You have a line that looks like this
ZZ: 10.0.0.0 10.255.255.255
We will map your locations into codes Z1, Z2 and Z3, because there are no such ISO country codes.

So, replace your ZZ line with these five
ZZ: 10.0.0.0 10.0.255.255
Z1: 10.1.0.0 10.1.255.255
Z2: 10.2.0.0 10.2.255.255
Z3: 10.3.0.0 10.3.255.255
ZZ: 10.4.0.0 10.4.255.255
Just for safety, rename your current ipscountry.dat file, and execute
perl txt2ipct.pl ./ips-ascii.txt ./ipscountry.dat
Now, create a new Geo folder under the plugins folder in the awstats installation, and copy the IPfree.pm and ipscountry.dat files into the new folder.

We have to modify the lib/domains.pm file to recognize the new Z1, Z2 and Z3 domains. Just add them to the end of the list, and keep the new domain names in lower case. The last line of the domains.pm file will now look like this
'zm','Zambia','zr','Zaire','zw','Zimbabwe', 'z1', 'London', 'z2', 'Rome', 'z3', 'Tel Aviv'
The last thing to do is to turn on the geoipfree plugin in the awstats configuration file.

Have fun!!

P.S.
Maybe I will initiate the multi-million dollar web data warehouse project after all ...
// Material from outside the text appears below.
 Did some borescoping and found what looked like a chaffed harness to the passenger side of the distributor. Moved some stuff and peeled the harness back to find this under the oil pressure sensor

Wednesday, September 2, 2009

Restoring my mobile phone backup to a new phone

My Sony Ericsson K610 mobile phone dropped dead.
The service guy removed my SIM and memory card from the fresh corpse, and stared me in the eye: "Do you have anything stored on the phone, sir? There are no phone numbers stored on the SIM"
I remembered storing everything on the phone instead of on the SIM.
I also remembered using Sony's PC Suite to backup the phone contents a couple of days ago.
"Don't worry, got backup" - I told the service guy.

Problem
The Sony Ericsson PC Suite recognized the new phone easily. I selected Tools/Backup&Recovery and started to shiver.
No backup was listed, and my sync to Outlook was 4 months old.

Research
First, I determined that I must find the old backup. I created a new backup for my new phone, called it "backup2" and learned that
the phone backups are stored with extension .dbk inside "My Documents", in folder
"Sony Ericsson\Sony Ericsson PC Suite\Phone backup".
As if by magic, my old backup file also turned out in this folder.
I realized that the file contents must be tagged with the phone information.
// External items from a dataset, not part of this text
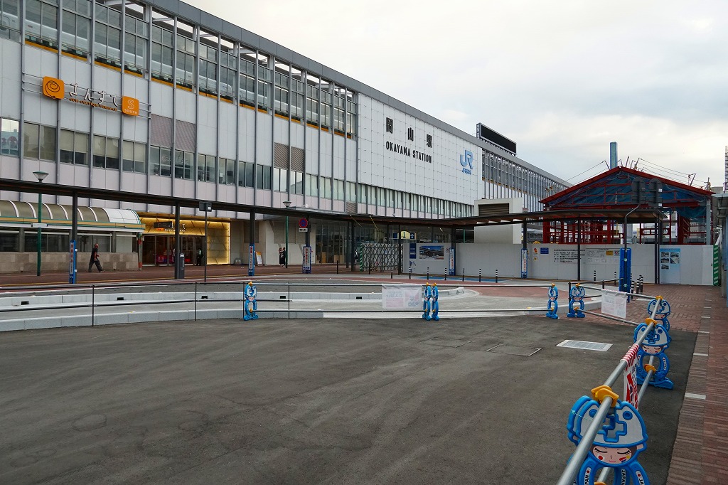 東京駅から新幹線で約3時間半。岡山市は岡山県の中央に位置する、人口約71万人の城下町で県庁所在地。市街に複数の百貨店を抱える商業、臨海部や内陸部に工業団地を抱える工業や、桃や米などが特産の農業が盛んであるほか、新幹線に8方向からの在来線が集まる鉄道の要衝でもある。駅弁は明治時代の鉄道開業当時からの駅弁屋の駅弁から、西日本各地の駅弁や地元の弁当屋が駅構内の店舗に卸す弁当まで、様々なものを朝から晩まで選べる。1891(明治24)年3月18日開業、岡山県岡山市北区駅元町1丁目。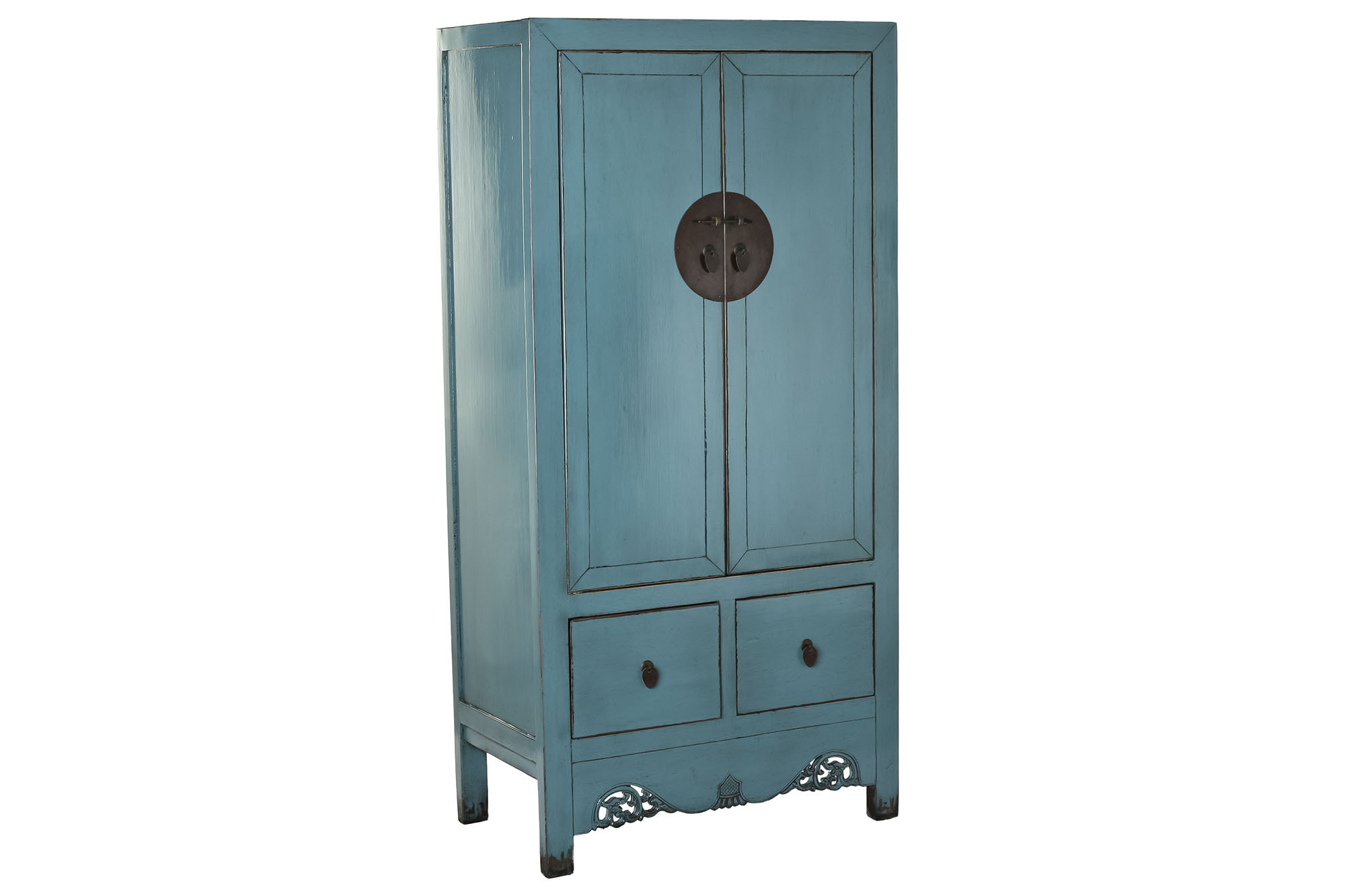 Armario madera de Olmo color turquesa de estilo oriental. Medidas 89 x 52 x180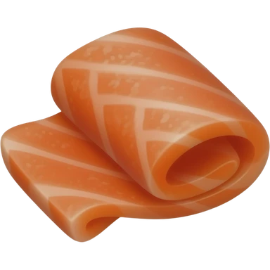 single thin slice of smoked salmon with smooth translucent texture, rich orange-pink hue, irregular natural edges, delicate white marbling, slight folds, soft melt-in-the-mouth feel, no plate, lemon, or garnish, soft lighting, subtle shadows, emoji scale emoji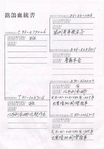 母鴿即為本舍天一紀念號的近親直孫女 084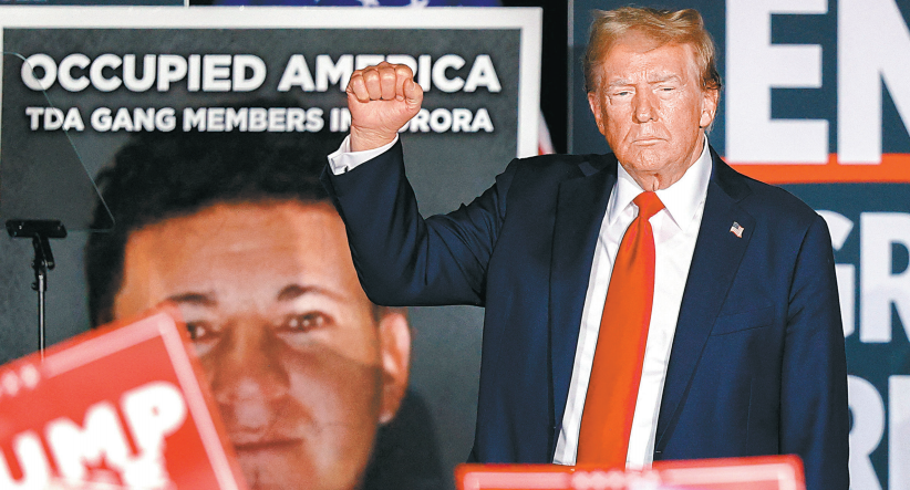 ▲特朗普在科州奧羅拉市競選集會上宣布,若重返白宮將援引1798年《外國敵人法》,推行“奧羅拉行動”嚴打非法移民犯罪集團。 路透社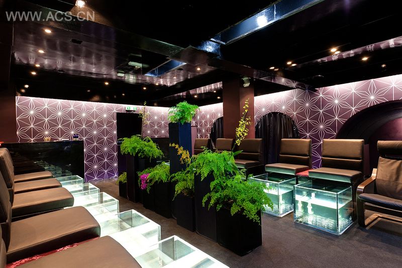 苏豪Aqua Sheko水疗馆的占地,比第一家馆要大得多,像一幅令人惊叹的视觉杰作。鱼缸被运用于整体设计之中,经蓝色光照射,耀眼夺目。紫外线光既能为鱼缸杀菌,又与热带礁石的设计概念相融,射入水面的阳光,反射在鱼的身上,荧光四射。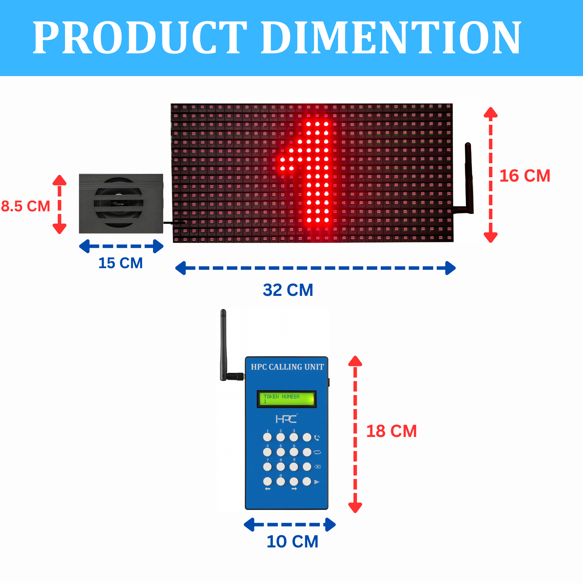 Introducing HPC Wireless Token Calling System or Queue Management Display System for hospital, banks, hotels, service centers, colleges etc. for smart queue management. This system operates on wireless Operation. The Calling Pad unit operated on 9v DC adapter & Display unit operates on 5v DC Adapter. System consist 32 x 16 P10 LED display unit which Clearly visible from 10 meter distance. Calling Pad unit comes with numeric keypad for smooth token number entry. It has around 30 to 50 meter connectivity range for operation. Audience display unit has inbuilt Hindi & English voice system with loud speaker. Unique & user-friendly design. Package contain- 1 Calling Pad Unit, 1 P10 LED Display, 1 Speaker, 2 Adapter, User Manual.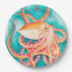 Orange Red Tentacles Octopus Watercolor Paper Plate

Opening the backup file with a text editor didn't help. It loooked almost completely binary.
However, there was a slight resemblance to something I saw before...
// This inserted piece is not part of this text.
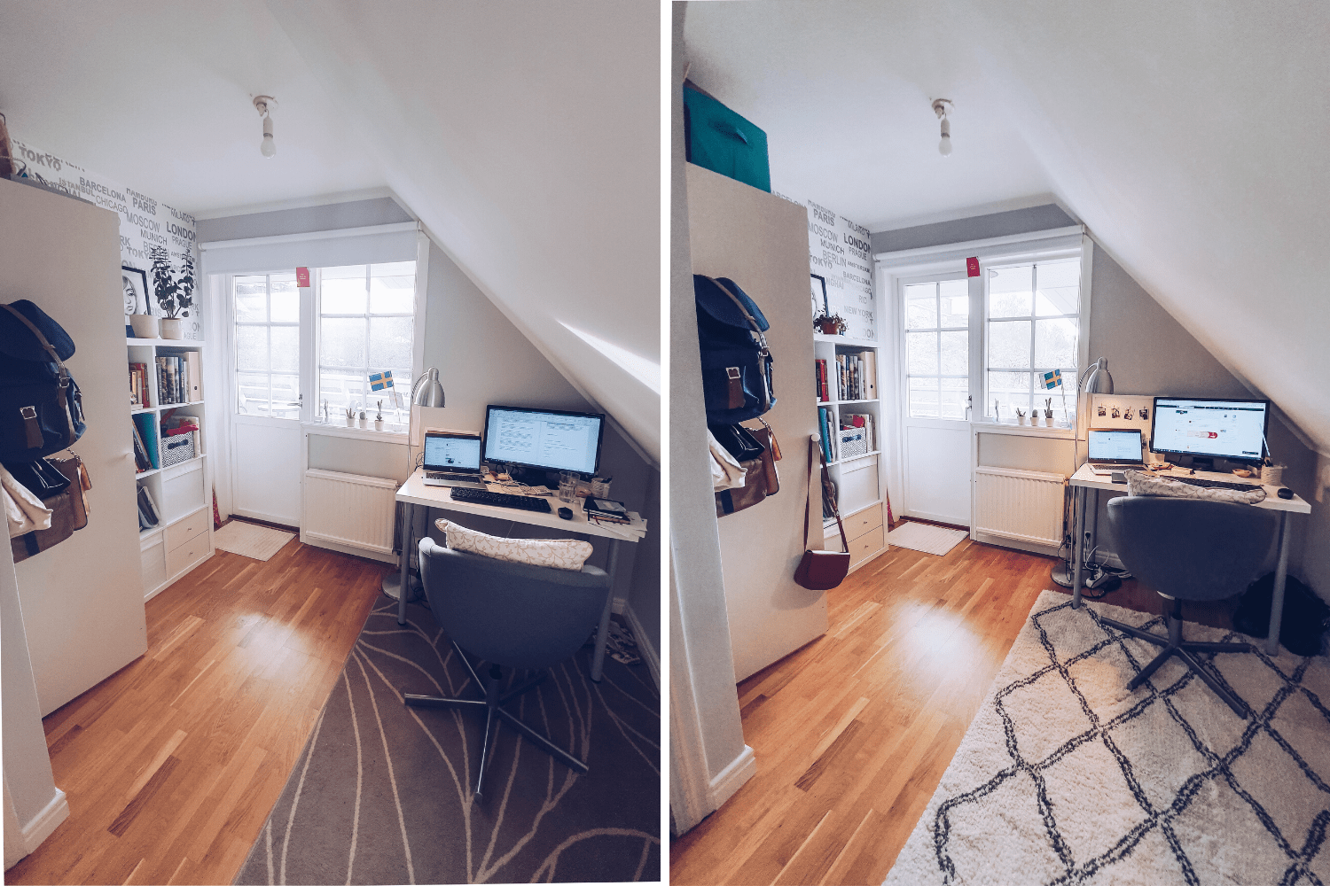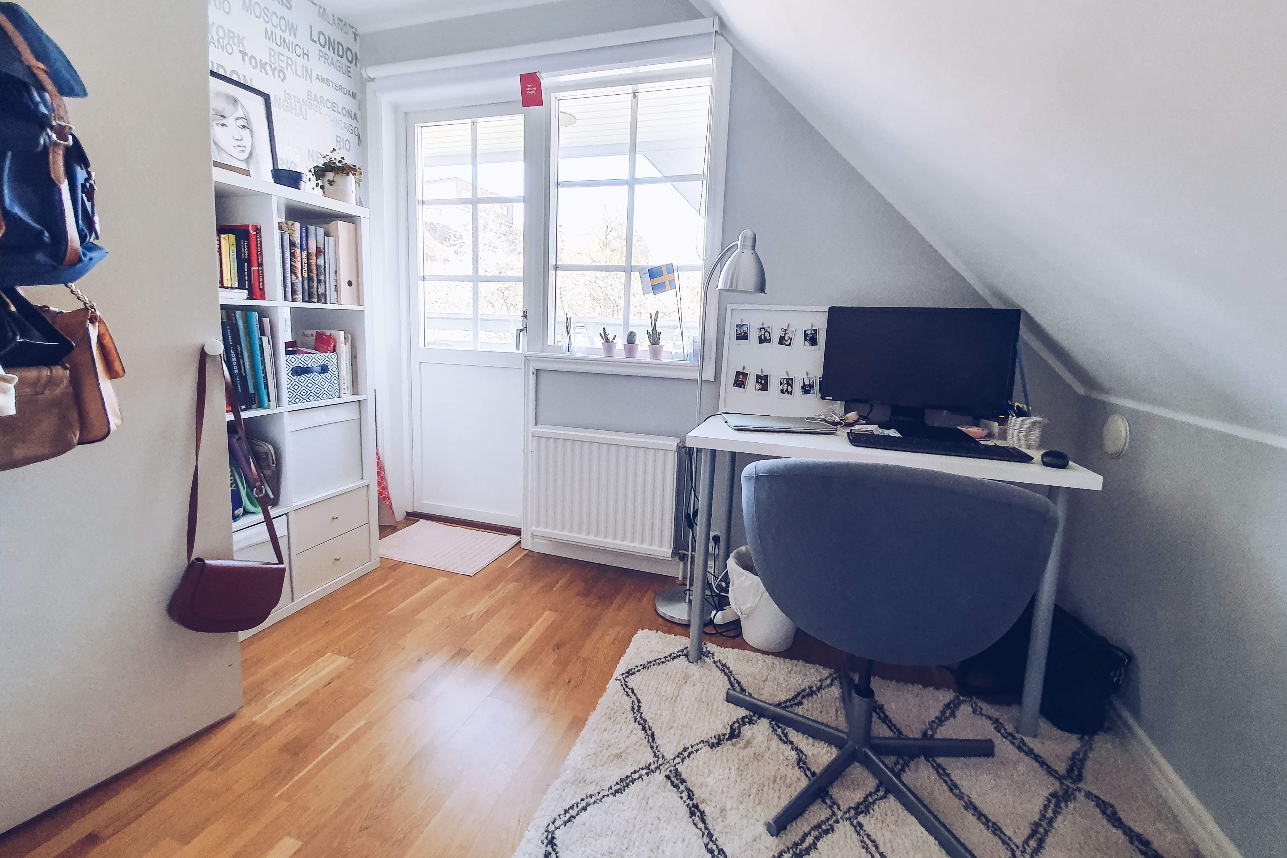 You might have seen photos of my study before (lovingly called ‘the lair’, as this is where I cook up the evil plans to take over the world). None of the furniture in this room was new — all was bought secondhand, including the old brown rug (I think I paid 100 SEK or around €10 for that). I’d been pretty happy with how it looked (considering I spent very little to decorate it), but I always knew the rug would be the first to go when I had the budget to ‘upgrade’ this room.

I created a copy of the dbk file, and renamed it with a zip suffix. That did the trick.
Solution
The key is in the phoneID.txt file.

Version=3.0
DeviceManufacturer=Sony Ericsson
DeviceModel=K610
HeartBeat=HB1-06
IMEI=3546xxxxxxxxxx
PhoneName=My K610

I replaced the file with the one found in the dummy backup of the new phone

Version=3.0
DeviceManufacturer=Sony Ericsson
DeviceModel=W595
HeartBeat=HB1-07
IMEI=3529yyyyyyyyyyyy
PhoneName=My W595

Changed the zip file extension back to dbk. Now Sony Ericsson PC Suite showed the old backups and I was able to restore all of my important information to the new phone.

Monday, January 26, 2009

Backing up to the cloud

My previous post was about using the Jets3t synchronize tool on an iSeries server.
While synchronize works quite well, it is not flexible enough for what I had in mind. To be able to integrate Amazon S3 with a real life backup and DRP policy, I want a set of atomic functions that enable me to simply transfer particular data objects between S3 and the server.
Using the Jets3t rich set of S3 objects and the samples provided by the author, I found it quite easy to write additional proof of concept tools.

I now have Create Bucket, Upload Single file, and DownLoad Single File programs. These are all barebones tools, use them at your own risk..

All tools use the iUtils helper tool that provides for central management of parameters and credentials. In fact, iUtils uses exactly the same configuration file Synchronize does.

I timed the Upload and Download tools with a 500MB savefile, and on my network it took less than 30 minutes to go either way.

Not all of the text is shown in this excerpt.